Ben hakemlerin yokuşta nasıl olsa hak eden geçer diye düşündüğünü, bu nedenle geri kalanlara yardım ettiklerini sanıyorum. Ama yokuşun başına geldiğimizde şaşkınlıkla tutunmakta olanları çekmeye devam ettiklerini görüyorum. O an Murat da tutunmakta olanlar arasında. Biz arkadakiler için artık temel karşı kuvvet hava direnci yerine yerçekimi olduğu için minibüsün arkasında durmanın bir faydası olmuyor. Minibüs yavaş yavaş uzaklaşmaya başlıyor. Ben bir süre minibüsü takip edebilecek güçteyim ama hala yardımı keseceklerini düşündüğümden kendimi zorlamıyorum. Yanımdaki rakibim giderek geride kalıyor. Biraz sonra onun da arkadaki polis otosuna tutunarak gelmekte olduğunu görüyorum. Ben de arabanın diğer tarafına geçerek polise öndeki minibüsü yakalamasını söylüyorum. Başıyla onaylıyor. Hızı artırıyor. Minibüse 50m kadar kalmışken diğer bisikletçi arabaya tutunamıyor ve yine geri kalmaya başlıyor. Bunu gören polis yavaşlıyor.
Ben de arabayı bırakıp minibüsü kendi gücümle kovalamaya başlıyorum. Çok geçmeden yakalıyorum ve aynasına tutunuyorum. Biraz o şekilde devam ettikten sonra artık bütün bisikletçilere minibüsü bıraktırmalarını istiyorum. Hakemler pek oralı olmuyorlar. Biraz sonra önümüzde bir kamyon beliriyor. Ona da 5-6 bisikletçi tutunmuş. O kamyonla bizim aramızda da bir başka hakem arabası var. Minibüsü bırakıp öndeki hakem arabasına gidiyorum. Bu kez de onlara itiraz ediyorum. Nihayet kabul ediliyor ve kamyona tutunmuş olanlar bırakmaları için uyarılıyor. Arkadaki arabaya da telsizle bildiriyorlar onlar da bıraktırıyor.
Artık yokuşu rahat bir tempo ile, tahminen 150-155 nabızla çıkmaya başlıyorum. Yokuşu 163-165 nabızla çok zorlanmadan sonuna kadar çıkabileceğimi biliyorum ama rakiplerin durumunu bir müddet izleyip, uygun bir zamanda atak yapmayı planlıyorum. Ama daha o tempoda bile çoğu geri kalmaya başlıyor. İki tanesi beni bir müddet takip ediyor, daha sonra onlar da geri kalmaya başlıyor. Keyfim kaçıyor. Hakemlerle uğraşırken zaten yokuşun yarısı boşa gitmişti, şimdi de rakip kalmıyor. Oysa lastiğim patlamayıp nispeten güçlü sporcularla beraber ön grupta olsaydım bu yokuş epey “zevkli” olacaktı.

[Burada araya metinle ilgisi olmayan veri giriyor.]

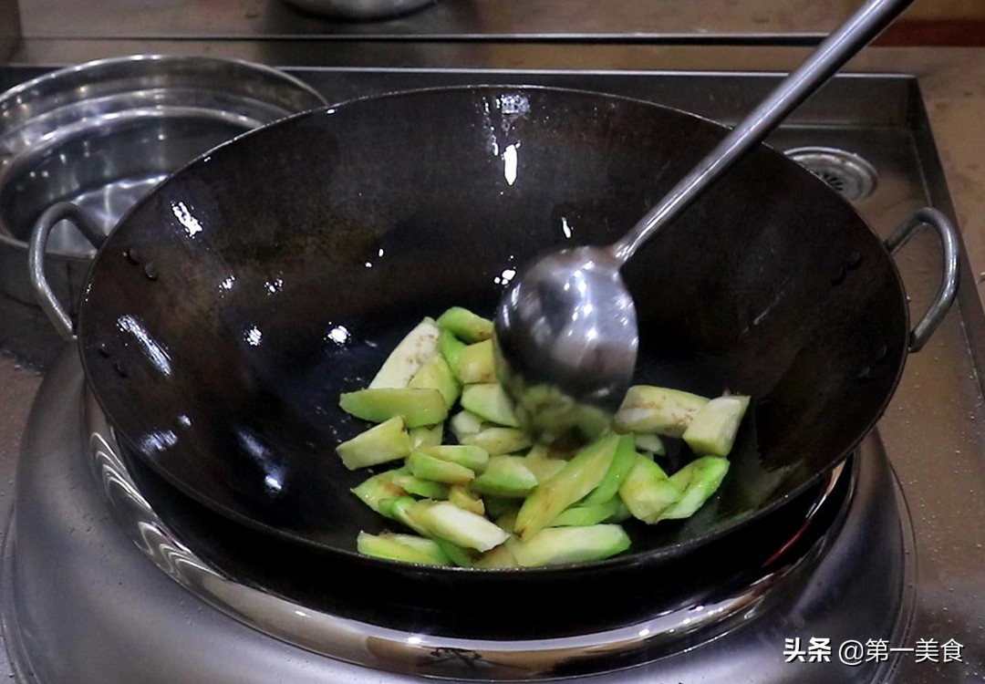 ,先倒入一半的茄子,开中火煎2分钟左右,经常翻面让茄子均匀受热,茄子煎软煎成金黄色时倒出来,再把剩余的茄子也按此方法煎好备用。

Epeydir ciğerlerim ağzıma gelmemişti. Neyse, artık bir dahaki sefere deyip yokuşun bitiminden sonraki 15 km.yi de düşünerek kendimi zorlamadan devam ediyorum. Yokuş bittikten sonra yine orta tempoyla devam ediyorum. Arkada zorlukla görebildiğim mesafede iki kişi var. Bir tanesi yavaş yavaş bana yaklaşmaya başlıyor. Ama önümüzde 2 km.lik bir yokuş daha olduğu için tempomu artırmak konusunda acele etmiyorum. Bana yaklaşan bisikletçi Can abi (henüz amca demiyorlar) beni bekle diye sesleniyor. Gelen Murat’mış. Bekliyorum ve yarışı beraber tamamlıyoruz. Sonradan 19 ve 20. olduğumuzu öğreniyoruz.